Posted , 6 users are following.
I just have a question I am hoping someone is able to answer because I honestly hate the way I am feeling right now.
I have always been a happy person, I am the biggest worry wart but I am a happy worry wart. In the past month and a half I have felt sick going to work, I couldn't get out of bed some days to go, I finally got up on a sick leave and will not be returning for a while well I sort out what to do but that isn't my major issue.
Since I start feeling this way I have started to doubt my relationship with my boyfriend. We have been together for 6 years and I have always loved him, he is my best friend and I always look forward to spending time with him. We bought a house two years ago and things have been good. 2016 was hard but I don't think it was easy for anyone.

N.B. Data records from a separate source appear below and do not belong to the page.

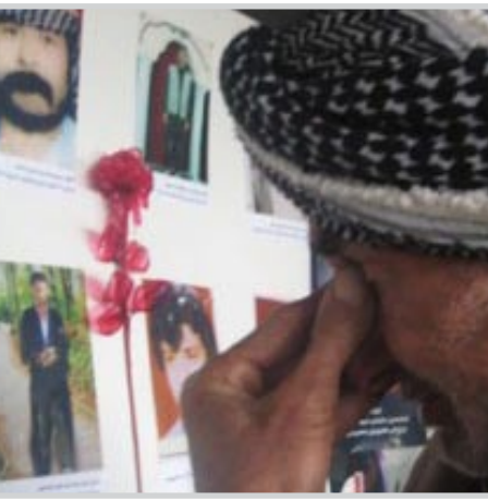
احد ذوي الضحايا يستذكر الشهداء

اربييل / PUKmedia أعلنت مديرية متابعة العنف ضد المرأة في وزارة الداخلية بحكومة إقليم كردستان، امس الأربعاء، خلال مؤتمر صحفي في اربيل، عن انخفاض نسبة العنف ضد المرأة خلال عام 2009 مقارنة بـ 2008 فضلا عن ارتفاع نسبة الشكاوى من النساء، وقال مسؤول مديرية متابعة العنف ضد المرأة أري رفيق خلال المؤتمر انه وفقا لآليات وبرامج معدة من قبل المديرية الخاصة بالعنف ضد المرأة تمكنت من تخفيض نسبة قتل النساء إلى ٥٠٪، فضلا عن ارتفاع نسبة تقديم الشكاوى من قبل النساء التي يتعرضن للعنف إلى 20٠٪. وأضاف "تمكنت خلال سنتين من نشر أربعة تقارير خاصة بالعنف ضد المرأة حول جميع أنواع الحالات التي تتعرض لها المرأة فضلا عن إحصائيات وإستطلاعات "، مشيرا الى ان "التقرير الحالي يضم عدد الإحداث التي تعرضت لها المرأة خلال عام 2009، منها ( القتل، الحرق، حالات الشكاوى، التحرش الجنسي، الخنق الخ) . وأضاف ان "أربعة مديريات في الإقليم تعمل على متابعة العنف ضد المرأة منها في اربيل والسليمانية ودهوك ومنطقة كرميان، بالإضافة الى ستة مكاتب في ناكري وسوران ورائية وشارزور وناميدي وراحو، مبيتنا ان 4٠٠ موظفا يعملون في المديرات منهم 10٠ نساء".
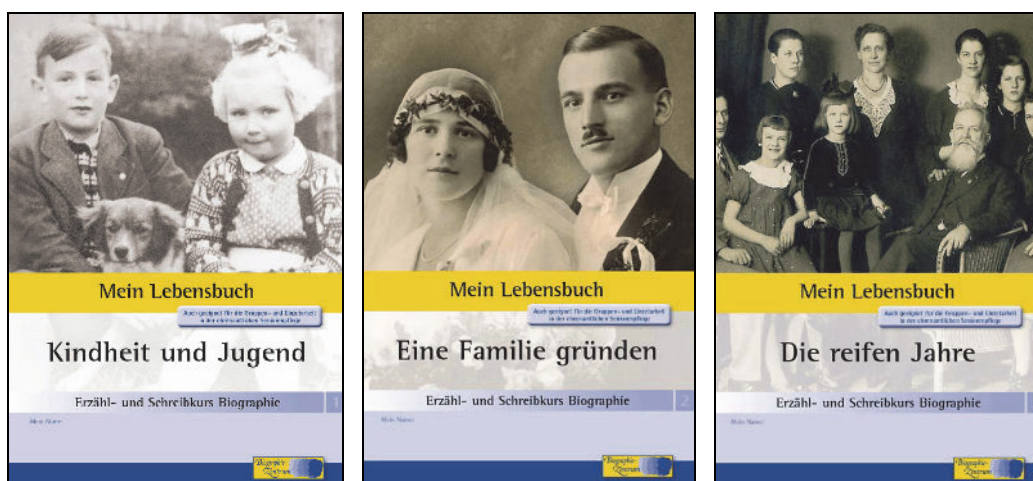
Umschlagabbildungen des dreiteiligen Erzähl- und Schreibkurses Biographie von Andreas Mäckler
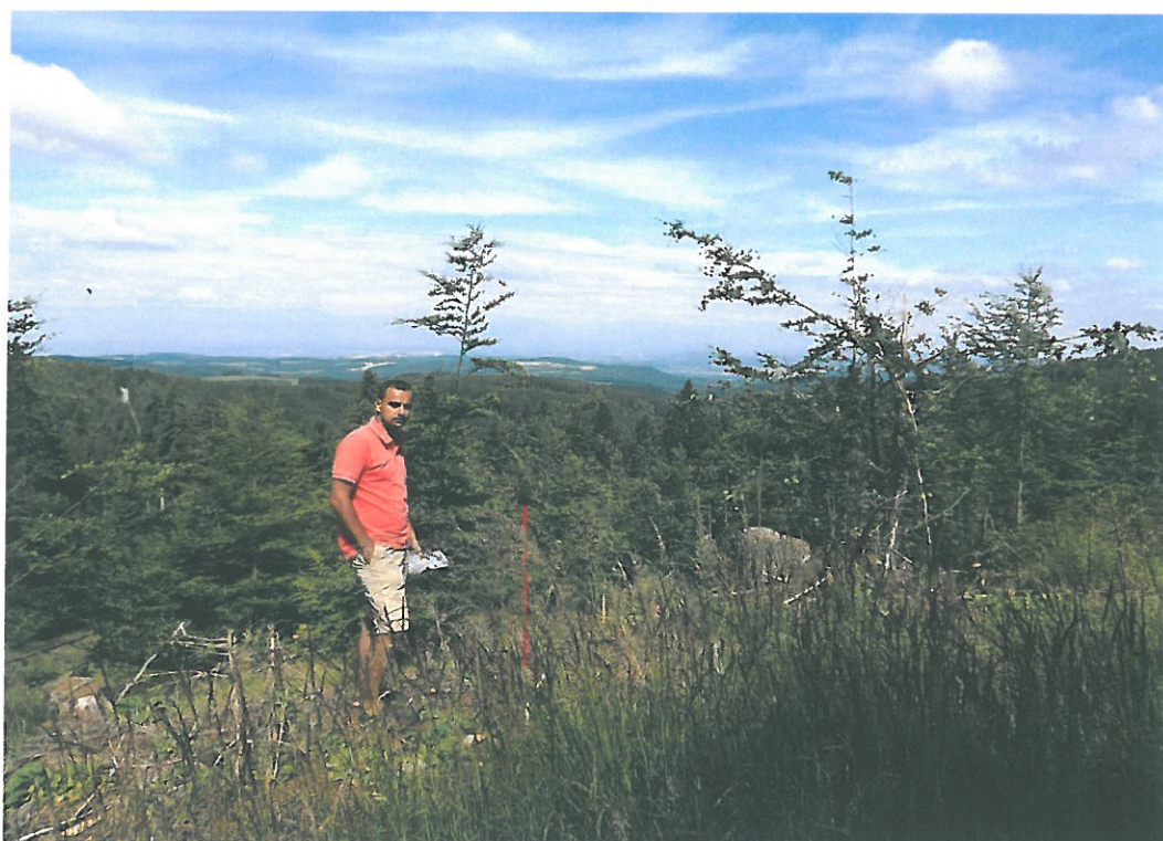
Obr. 8. Souš 3003
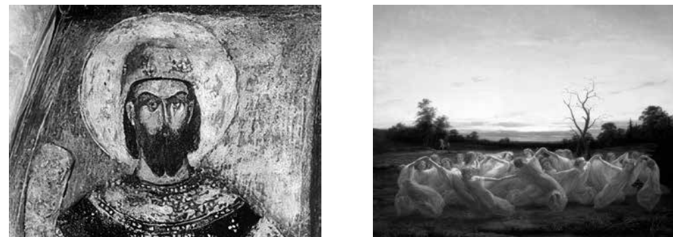
Slika 9. i 10. Prikaz kraljevića Marka i vila povezanih sa amfiteatom u Puli

Puli: „Rimski amfiteatar u Puli zove naš puk u Istri Divičin grad (grad djevojaka)“. Ovdje etimološki izvedena pretpostavka o mogućem nazivu građevine polatičkog amfiteatra, koju Vladimir Nazor povezuje sa divicama (djevojkama), odnosno, možebitnim vilama zasad možemo vrednovati samo kao bukoličko pjesničko ostvarenje. Također uz građevinu rimskog amfiteatra
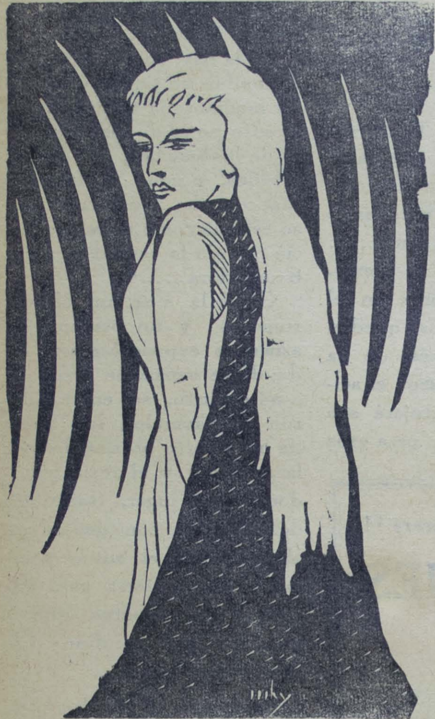
Grabado: Ilustración de Ricardo Coñeras

(Escena desarrollada en el jardín. Surtidor. Aroma. Brisa. Color)
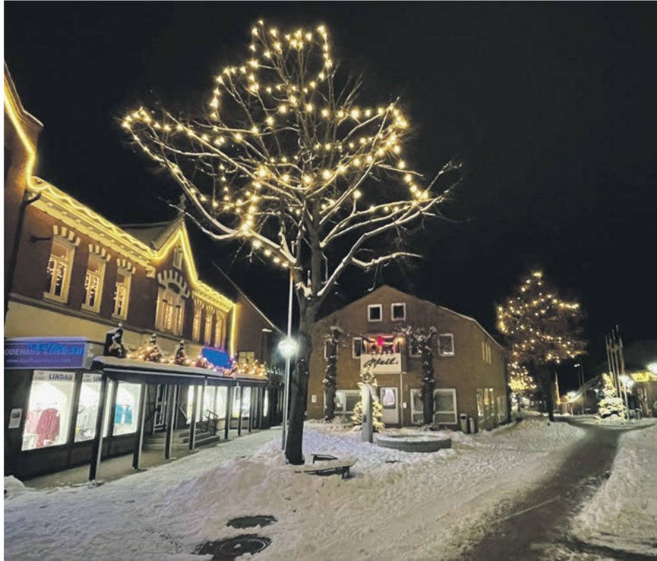
Winterliche Atmosphäre im Modehaus Lindau

Schönberg (t). Auf drei Etagen präsentiert das traditionsreiche Modehaus Lindau in der mit den Marken Calida, Mey, Schiesser und Triumph. Hier bleiben keine Wünsche offen.
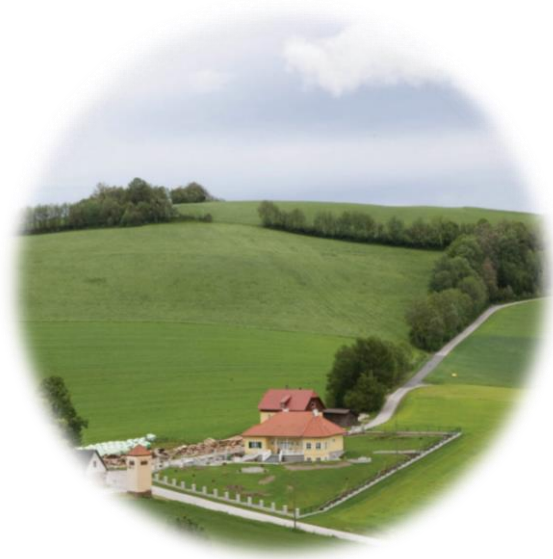
După lucrările de construcție.
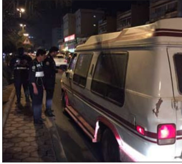
التدقيق على شروط الأمن والمناطة
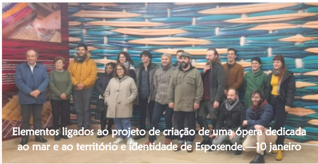
Elementos ligados ao projeto de criação de uma ópera dedicada ao mar e ao território e identidade de Esposende.—10 janeiro
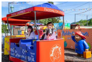
しゅっぱつ！パディントン号
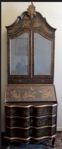
Commode scriban travail anglais XIXe. H : 155 L. 103 P. 96 cm
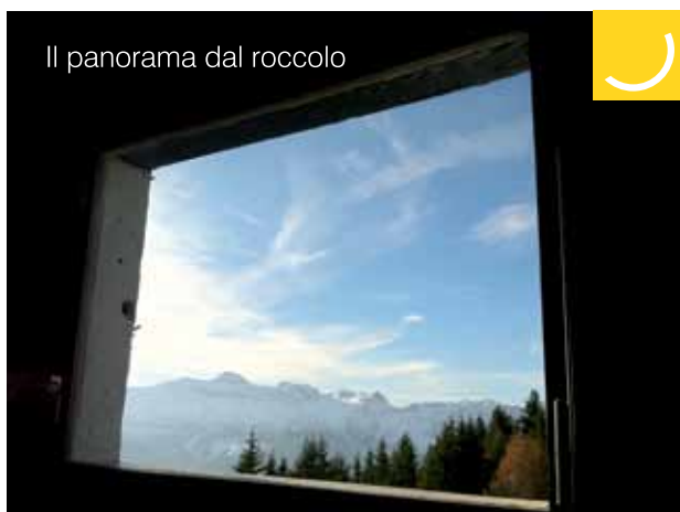
Il panorama dal roccolo
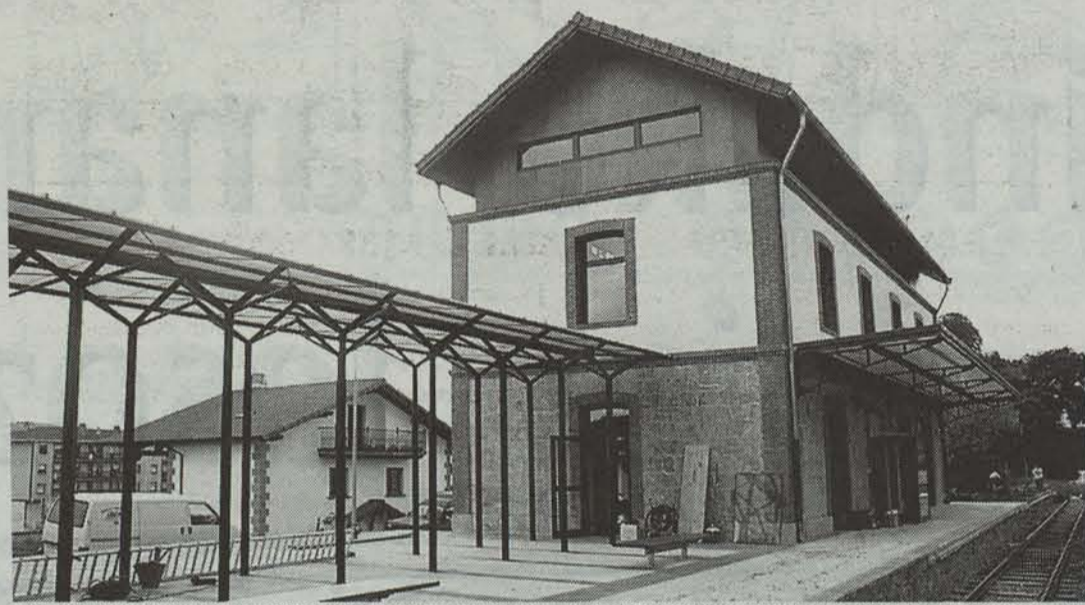
Egoitza berria gaur arratsaldean zabalduko dute.

Plazaola inguruan diharduten turismo zerbitzu guztiak bilduko dira geltoki zaharrean. Bestalde, kanpotik etorritako bisitariei argibideak eskainiko zaizkie, aukera guztiak aprobetxa ditzaten.
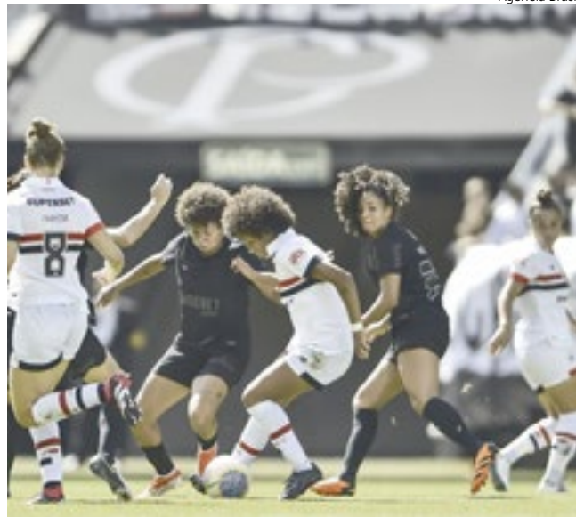
Fifa anuncia novas competições do futebol feminino

rá em 2026, entre 28 de janeiro e 1º de fevereiro. A competição ocorrerá em anos em que não houver o Mundial de Clubes Feminino. Sendo assim, já es-
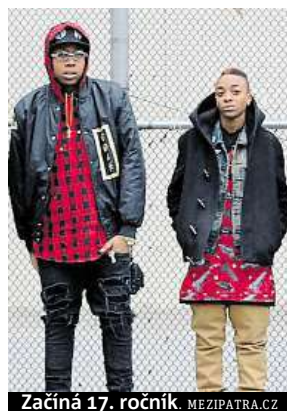
Začíná 17. ročník. MEZIPATRA.CZ

Například snímek Erica Juholy Holkou od malička sleduje příběh rodičů, kteří žalují školu, již navštěvuje jejich šestiletá dcera Coy. Protože je trans, rozhodlo vedení školy, že smí používat jen toalety vyhrazené pro učitelský sbor. První soudní spor svého druhu v USA se stane mediál-
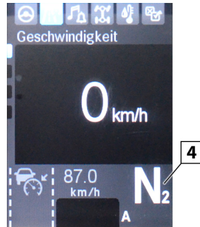
Fig. 6: EPS3 display
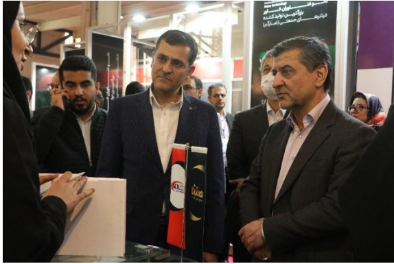
▪ بازدید جناب آقای دکتر باقری فرد، معاون محترم وزیر بهداشت
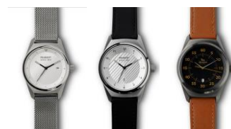
Montres « Armand SINCE 1810 »
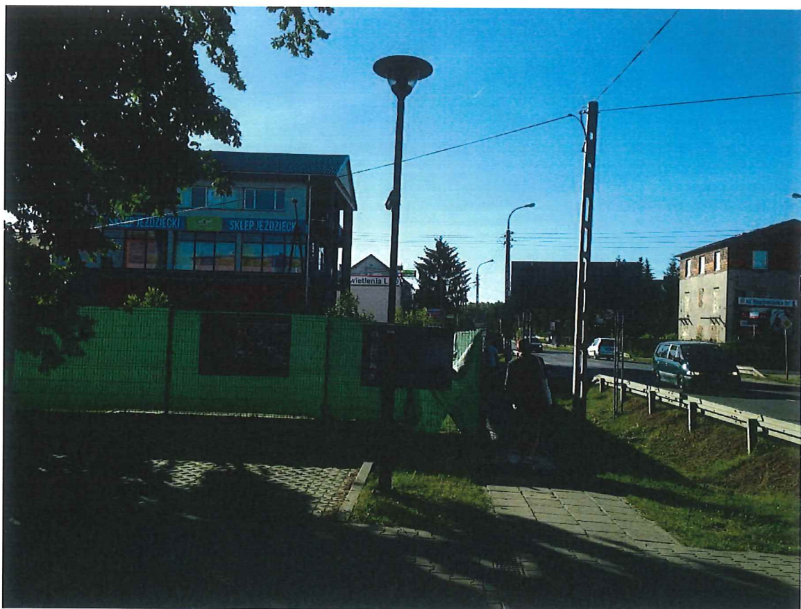
Fot. Kiedyś wzdłuż ogrodzenia Straży Pożarnej był piękny żywopłot... Dziś pozdierane plastikowe płachty...
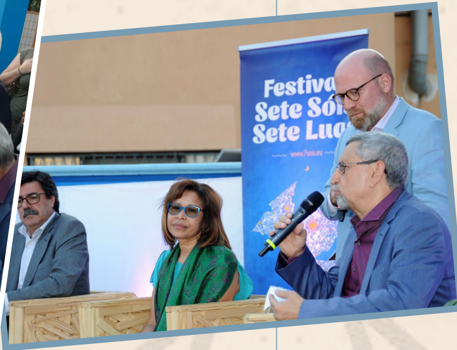
Inaugurazione dell'esposizione collettiva di artisti capoverdiani e concerto della Maio7LuasBand
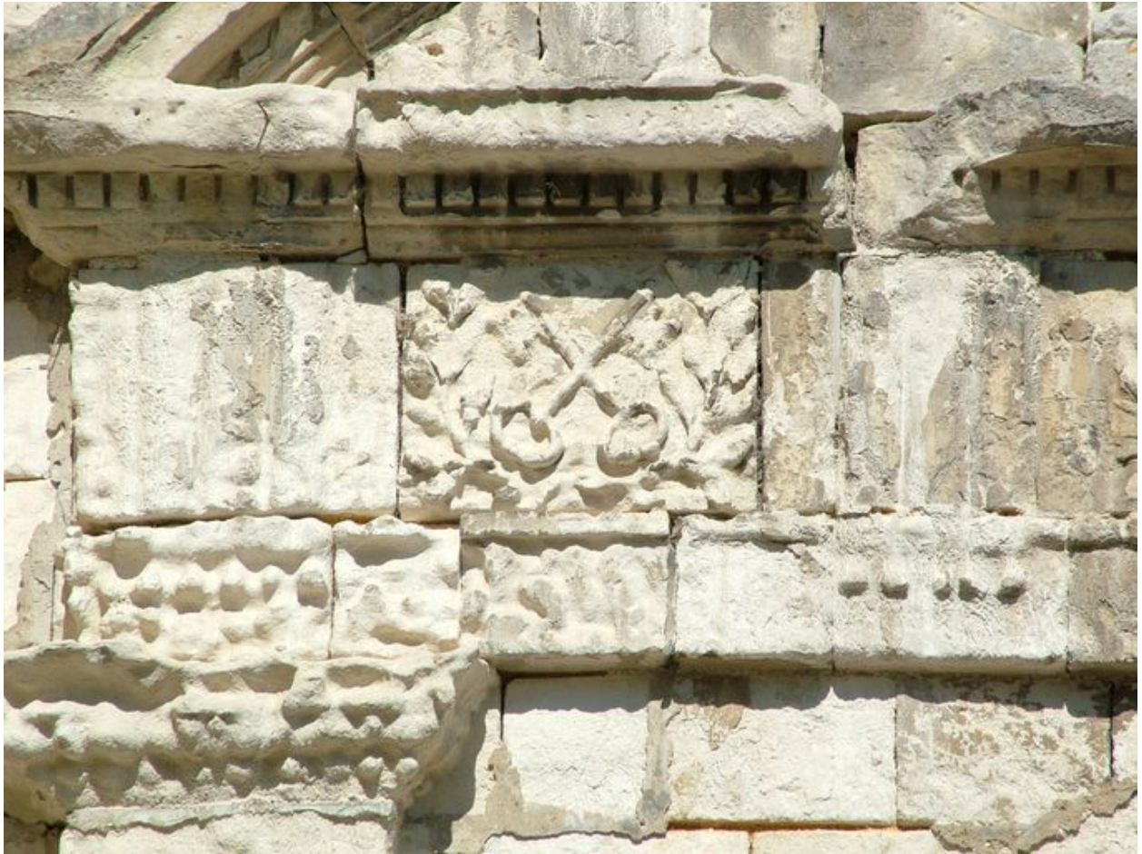
Détail de la frise ornée des clefs de saint Pierre.
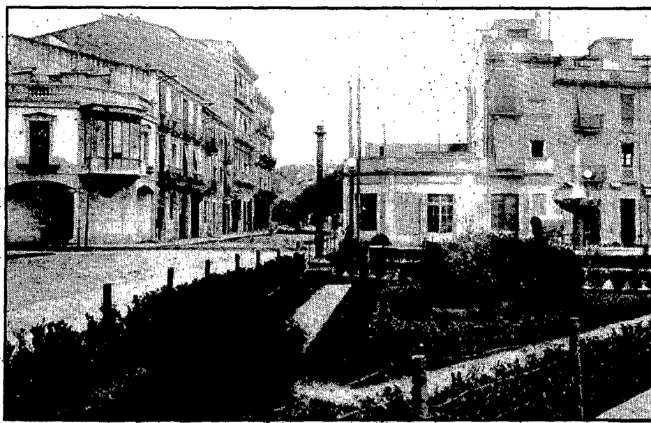
La cantonada de la ronda Ferran Puig amb la carretera de Santa Eugènia, quan la carretera de Barcelona encara es desviava cap a la Gran Via i al mig de la plaça hi havia els parterres anteriors a la plantació de til·lers al voltant del brollador. Al fons del carrer de Ferran Puig es distingeix un ramat de bens ocupant la calçada.

primers passos per a la urbanització de la primera.
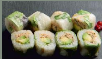
Thon cuit 6.50€ (4) Avocat, menthe, Ciboulette, mayo, piment

But now I feel like I don't love him, like he will be better off without me, like I don't deserve him, that everything for the past 6 years has been a complete lie and I was never happy with him. I always saw our future together and now I can't see past this year. It breaks my heart and causing me to cry more often then I want too when I have these thoughts, he has been my rock and the one who encouraged me to get help and he is constantly worried about me, he works shift work so when he is on nights I am worse then when he is on days.
I can't imagine him not in my life and losing him would be my biggest regret in life but my head won't fully let me love him. Some moments I can and others are filled with doubt that I don't love him anymore and I don't want to be with him. I don't know where I would go or what I would do but I am just looking for answers.
He is my first serious boyfriend, I am 28 years old but I can't imagine that this is it for us, I mean 6 years I imagined our lives together and now since the depression nothing. What is going on with me? Are these feelings completely normal or is it something else?